Confusing thread title - I wrongly assumed to begin with, that this applied to Type 1 diabetics who were themselves parents.

Anyway whoever the diabetic happens to be, the grieving process always needs to take place (since it's fully recognised that being diagnosed with a chronic condition has the same mental effect as bereavement) and it's more easily identifiable in persons diagnosed as adults - therefore the process that I myself needed to go through when I was diagnosed will likely be the same as the parent - and more especially the mums since they will usually be the ones to whom the bulk of the day to day management issues and problem solving fall - of a T1 child.

(It does beg the question though, if the 'child' isn't an adult like I was, when and how does the child grieve?)

Despite the fact the Gov are forever telling us recently that mental health concerns are getting shedloads of extra resources I have to say (and we have various family members with issues of different kinds) proper psychological help and counselling is virtually non existent.

My suggestion to you for your own situation is the read 'The Five Stages of Grief' by Elizabeth Kuebler Ross - and see where you are on that journey - it helps.


----------



## Sally71 (Nov 17, 2018)

I don't know about PTSD, but after my daughter was diagnosed I thought I was doing ok and just getting on with things, but it took me 6 months before I could cry at all, and then another 6 months after that before I really let it all out properly.  And then I was a total basket case for at least a couple of weeks, in tears all the bloody time, but once I got through that I felt much stronger and able to cope with a lot more stuff without having to check every little thing with the DSN all the time.  We had some counselling, they kept asking did I feel as if I had accepted my daughter's diabetes; my answer was how can I ever do that, her body can no longer sustain itself without medical intervention, she's being kept alive by her pump and by all those little bottles in the fridge, and if you took those away she'd die, how can I ever accept that?  And it also took me a very long time (maybe even 4-5 years) before I completely managed not to panic about every high reading and try to micro-manage things all the time to keep perfect numbers (cos it ain't possible, no matter how hard you try!).

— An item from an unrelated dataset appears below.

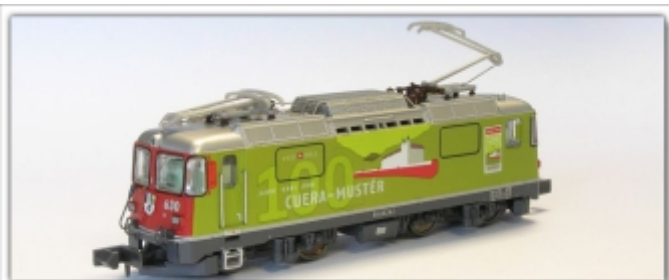
MD-60003.N: RhB Ge4/4" 630, 100 Jahre Rheintal, Spur N (9 mm), mit Rapidokupplung, MDS-Modell

Ge4/4II 619 - Samedan dark blue with red fronts, prototypically printed on 100th birthday of the Bernina line
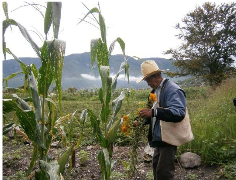
Figura 3. Offering in the milpa on the eve of Xilocruz.

It is worth noting that in the Mesoamerican world, the dead inhabited the same place as rain and seeds. An association that prevails between different peoples of Mesoamerican tradition (López Austin 2000). These festivities also show the relationship between the living and the dead in Acatlán, in which the dead do not inhabit a marginal place but actively participate in the community's life. So that they also work. For this reason, the community recognizes the dead's role in providing rain and food. A vision shared by other Nahuatl communities in Guerrero (Good 1996, 2004).

We are now just over 6 years in and I think only in the last 6-12 months am I beginning to be able to say that we are now just getting on with our lives and all the diabetes malarkey is finally falling into the background a bit, and isn't the first thing I think about all the time, and I don't get too upset about it if we have a day or two with high numbers and don't know why.  If that's what they mean by acceptance then I guess I'm getting there.

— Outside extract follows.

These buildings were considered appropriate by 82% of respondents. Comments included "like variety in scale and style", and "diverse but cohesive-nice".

I don't think any of this is PTSD, it just took me a long time to get through the grieving process.  Yes I still get days when I don't want to do any of it any more, and I still sometimes get frustrated when things aren't working, but I think everyone gets that from time to time.  And I'm not even the one with diabetes, I dread to think what it's like for my daughter . I'll ask her if she wants to comment on this thread!


----------



## trophywench (Nov 17, 2018)

Well exactly, Sally - it took me years too and I still hadn't completely finished dealing with it in 1998 when my dad died, but managed to let go some more after that in 1999.  It was the early noughties before I finally got to grips with it.

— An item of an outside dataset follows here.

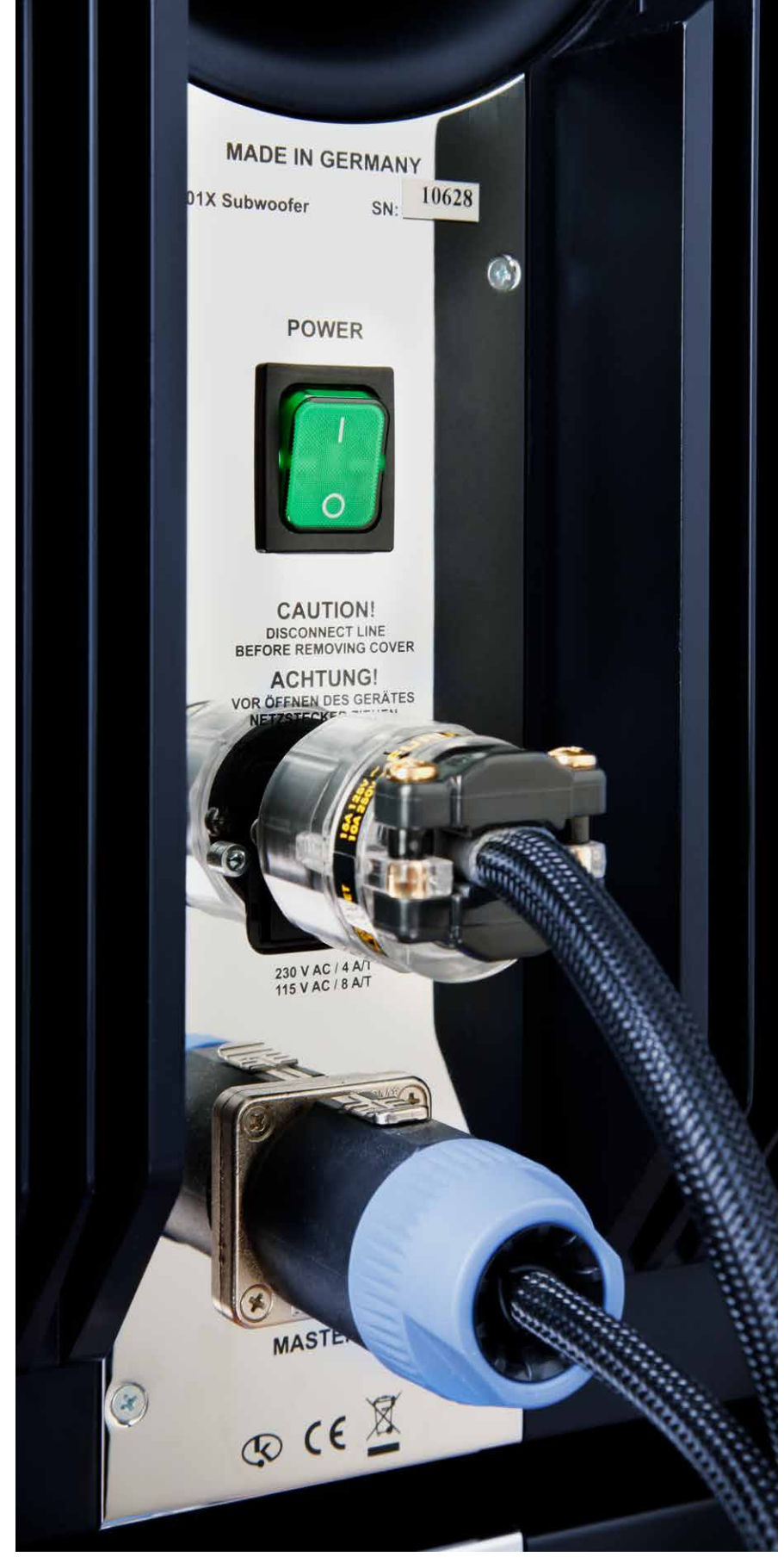
Subwoofer power amplifier with umbilical cord.

It IS bloody harsh that it's only because of some bits of plastic, wires, silicon chips and bottles of manufactured stinky stuff that I can breath in and out, let alone do anything else though yeah - bet if you asked anyone who's known me since I was little that I've always seemed to cope OK - so why IS that do you suppose? - because we just have to sort ourselves out the best we can and carry on carrying on - cos the alternative's unacceptable to us.


----------



## Sally71 (Nov 18, 2018)

Funnily enough, my mum has been T1 for longer than I've been alive, and I never thought of her as being much different from anyone else; she just had to have injections every day and occasionally would feel a bit poorly and need to eat some biscuits quickly and that was it.  It felt 10 times worse when my daughter was diagnosed!  Probably something to do with the fact that mum also always just got on with it without complaining, and then I had to do everything for my daughter at first and then discovered how complicated it all is.  I'm a classic case of thinking I knew all about diabetes just because my mum had it, and then finding out that I actually didn't know very much at all!

And when I finally did let the tears out for my daughter, I think I was actually also grieving for the second child I never had.  I've always known I wanted to be a mum, and I always wanted two children.  Well it took two years to get my daughter, and when she was finally on the way I decided that as long as she was healthy I wouldn't mind if I didn't have another one, but if I could get one more in before I was 40 that would be great.  Unfortunately that was a lot easier said than done, as I'd managed to have one child completely naturally then obviously everything works, and I couldn't let go of the fact that I really wanted another one.  We tried for at least four years to get another one but didn't succeed, and no matter how much I told myself that it wasn't going to happen and I didn't really want to be having babies in my 40s anyway and be grateful for what I've got, I could never quite shake the deep down feeling of hope that I might still get lucky.  And I was aware that wanting it so badly was quite likely contributing to the problem but I still couldn't let go.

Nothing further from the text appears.